3) Role in education and research: ChatGPT could be used for health education, offering scientific explanations associated with medical terms in pathology. However, attention should be paid to the quality of the training data to avoid biased content and inaccurate information. The use of ChatGPT in research also requires caution as it may be insufficient or misleading.
Finally, the paper emphasizes that while recognizing the potential of ChatGPT, it is important to proceed with caution when using artificial intelligence-based technologies such as ChatGPT in gastrointestinal pathology. The aim should be to integrate such language models in a regulated and appropriate manner, exploiting their advantages to improve the quality of healthcare without replacing human expertise and without ignoring expert consultation in particular cases.
From what has been discussed so far and bearing in mind a paper published five days ago [
17], it would appear that at present, the use of ChatGPT in pathology is still in its early stages.
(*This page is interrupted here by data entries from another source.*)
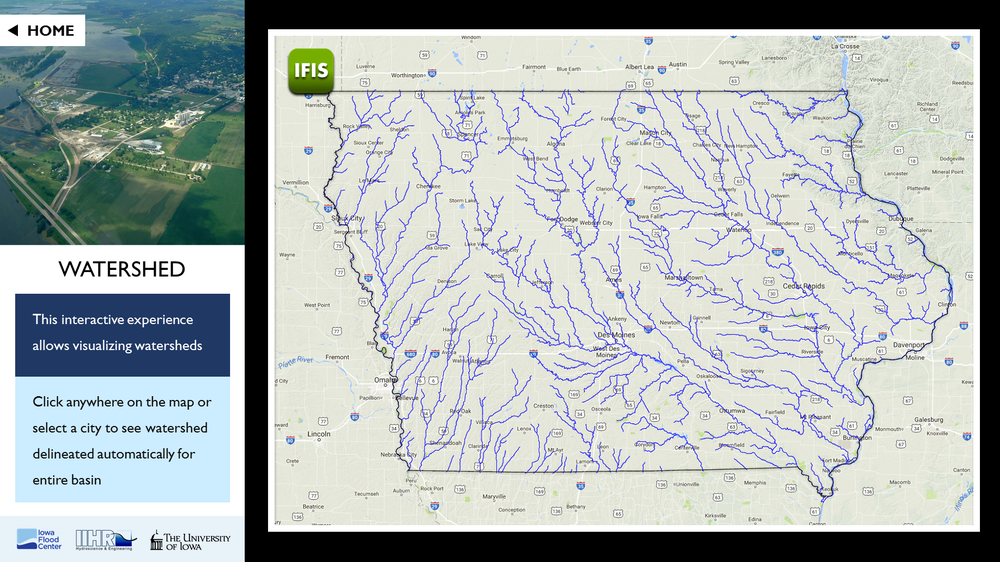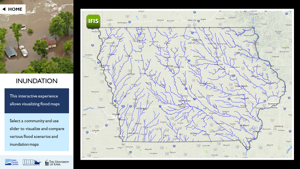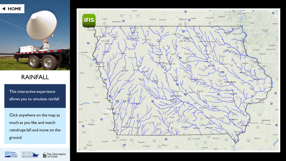 Interactive rainfall, water flow, watershed delineation, and inundation simulators are created to bring cutting-edge hydrological research to Iowa's commmunities statewide.
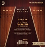 De flesta gitarrsträngar lägger till sin egen färg till gitarrens ton. D'Addario Nickel Bronze plockar istället fram gitarrens egen karaktär och låter ditt instruments naturliga frekvenser lysa igenom. Strängarna ger din gitarr en tidigare oupptäckt klarhet, resonans och projektion ihop med enastående balans och fylliga övertoner.
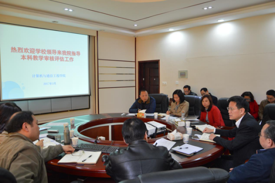 李峰院长按照审核评估的七大要素汇报了我院本科教学评估的工作进展情况以及存在的问题和解决的方案。重点介绍“面向问题求解的课程体系重构”课程群建设的特色及实施方案、计通“云学宝”在教学过程监督方面的卓越功能、以及严肃考试系统及题库在考教分离,考试改革中发挥的重要作用。各位专家对我院在办学定位、培养目标、师资力量、教学资源、培养过程、学生工作、质量保障以及学院特色等各方面均提出了非常具体而中肯的指导意见。刘朝晖处长建议我院应充分利用学科特色,切实加强校企合作办学,思考如何在培养体系上体现知识和技术的更新以及计通“云学宝”使用后收集其对学生学习效果上所起的作用。叶泽副校长肯定了我院在此次本科教学审核评估中所做的前期工作,要求我院以本次审核评估工作为抓手,认真把握我院本科教学的现状,以学生职业发展为核心,充分调动和提高老师们的积极性,全面提高本科教学质量,致力于培养出更加优秀的人才。
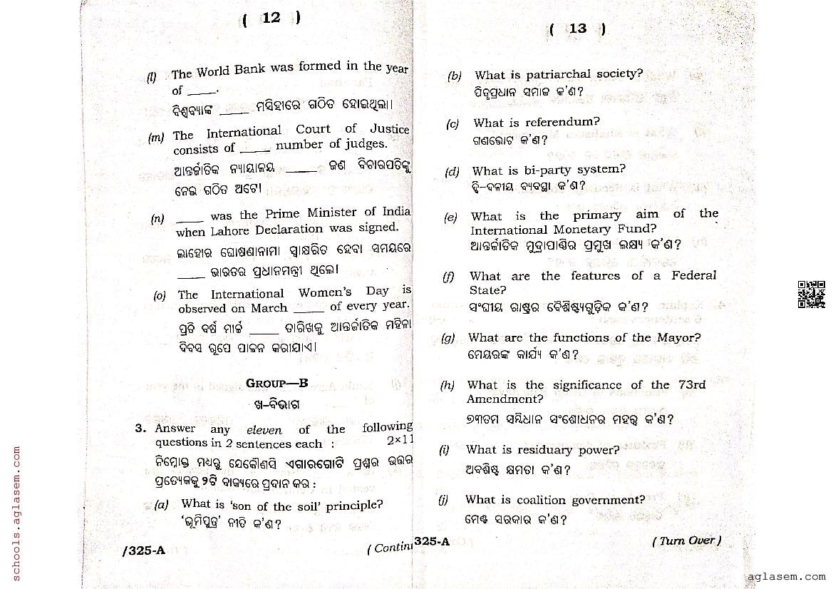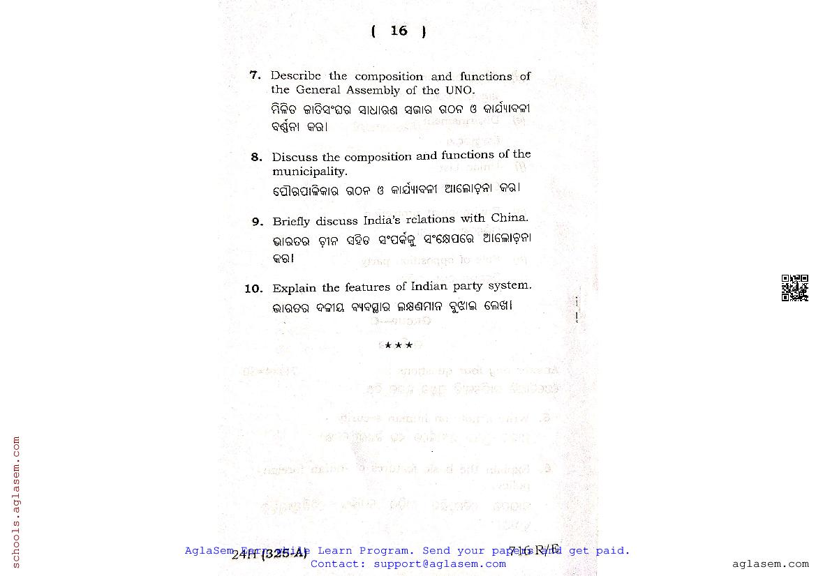 Odisha CHSE Class 12 Political Science Question Paper 2024 has been published here at aglasem. You can now download the 12 Political Science Question Paper PDF to prepare for your exam. This Odisha 12 Question Paper contains actual questions asked in Political Science test in previous year class 12 exams. Therefore it is a very useful study material for Political Science subject which helps you score full marks in 12 exams.
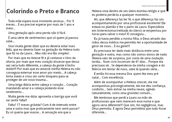 Ah, que diferença faz ter fé, e que diferença faz um acompanhamento por uma profissional excelente! Ela estava no plantão e fez o parto da Laura. Especialista em histerectomia (retirada do útero) se empenhou por horas para salvar o meu!! E conseguiu...
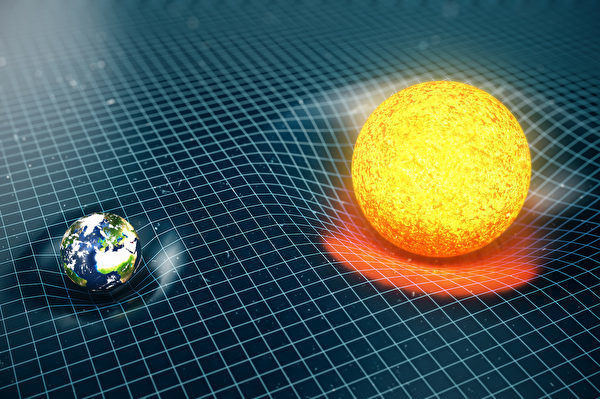 引力理论认为大质量天体会造成周围空间的弯曲。此为空间弯曲示意图。
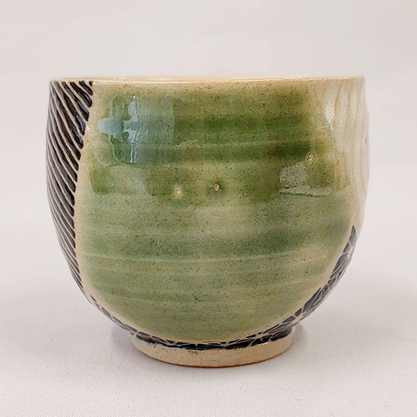 マグネシアマット釉はやわらかい線が出ましたが、織部釉は線がつぶれてしまいました。
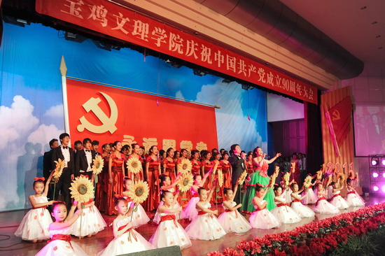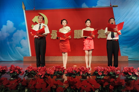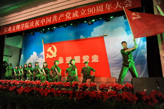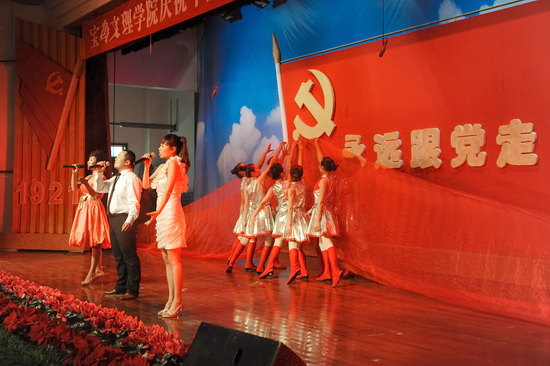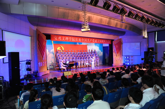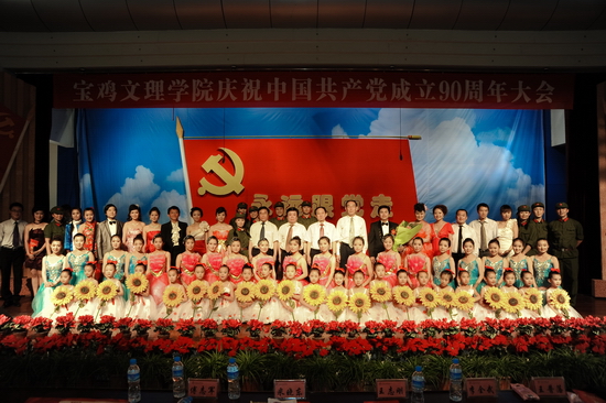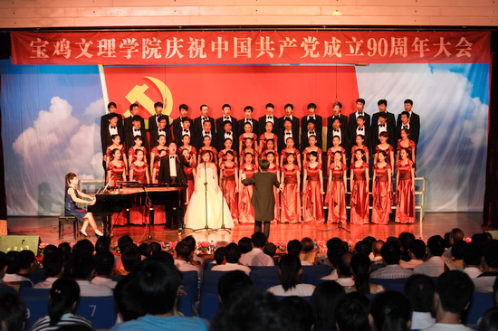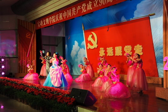 随后,学院举行了庆祝建党90周年“红色经典合唱音乐会”。音乐会上,一首首红歌结合现代化的声光电技术,将观众的心带进了党90年的历史与辉煌。混声四部合唱《东方红》、《没有共产党就没有新中国》、《十送红军》、《五彩云霞》、《四渡赤水出奇兵》、《山丹丹开花红艳艳》、《松花江上》、《游击队歌》、《绣红旗》、《解放区的天》、《祖国颂》等歌曲深情回顾了党从建立到带领人民实现民族独立的征程。混声四部合唱《beat365在线唯一官网校歌》以其欢快的节奏展示了我院在大学文化建设方面的成就和师生员工的精神风貌。配乐诗朗诵《颂歌献给党》诵出了文理人50余年办学历史及各项事业取得的成果。《健身排舞》融合体操等动作表达了文理人对党的敬仰与热爱之情。女声二重唱《党啊,亲爱的妈妈》深情歌颂了党的丰功伟业。女声独唱《在希望的田野上》、男女声二重唱《走进新时代》、男女声三重唱《红旗飘飘》、男女声二重唱《阳光路上》、合唱《走向复兴》等唱出了党改革开放以来领导全国人民逐步实现民族复兴的伟大征程。整个音乐会气势磅礴、高潮迭起。音乐会在全体演职人员与现场观众共同高唱《歌唱祖国》声中落下了帷幕,在优美旋律中,院领导走上舞台,与全体演职人员合影留念。

In particular, with regard to ChatGPT version 3.5, it seems clear that the amount of data on which the algorithm has been trained plays a key role in its ability to provide correct answers to certain prompts. In particular, several papers have warned of the risk of possible bias and transparency issues [
18,
19] and of damage resulting from inaccurate or outright incorrect content [
20,
21,
22,
23]. One of the most problematic phenomena is hallucination, as ChatGPT seems, at present, to produce correct scientific content but not to direct the content itself to a real source/reference. Therefore, its use in pathology and, more generally, in scientific research must necessarily take these limitations into account [
24].
Moreover, projecting to a future in which systems may become more performant, the integration with clinical, genetic, anamnestic, morphological and immunohistochemical data, which have always characterised the pathologist's life, will always have to be screened by medical experience and knowledge, areas in which ChatGPT struggles most.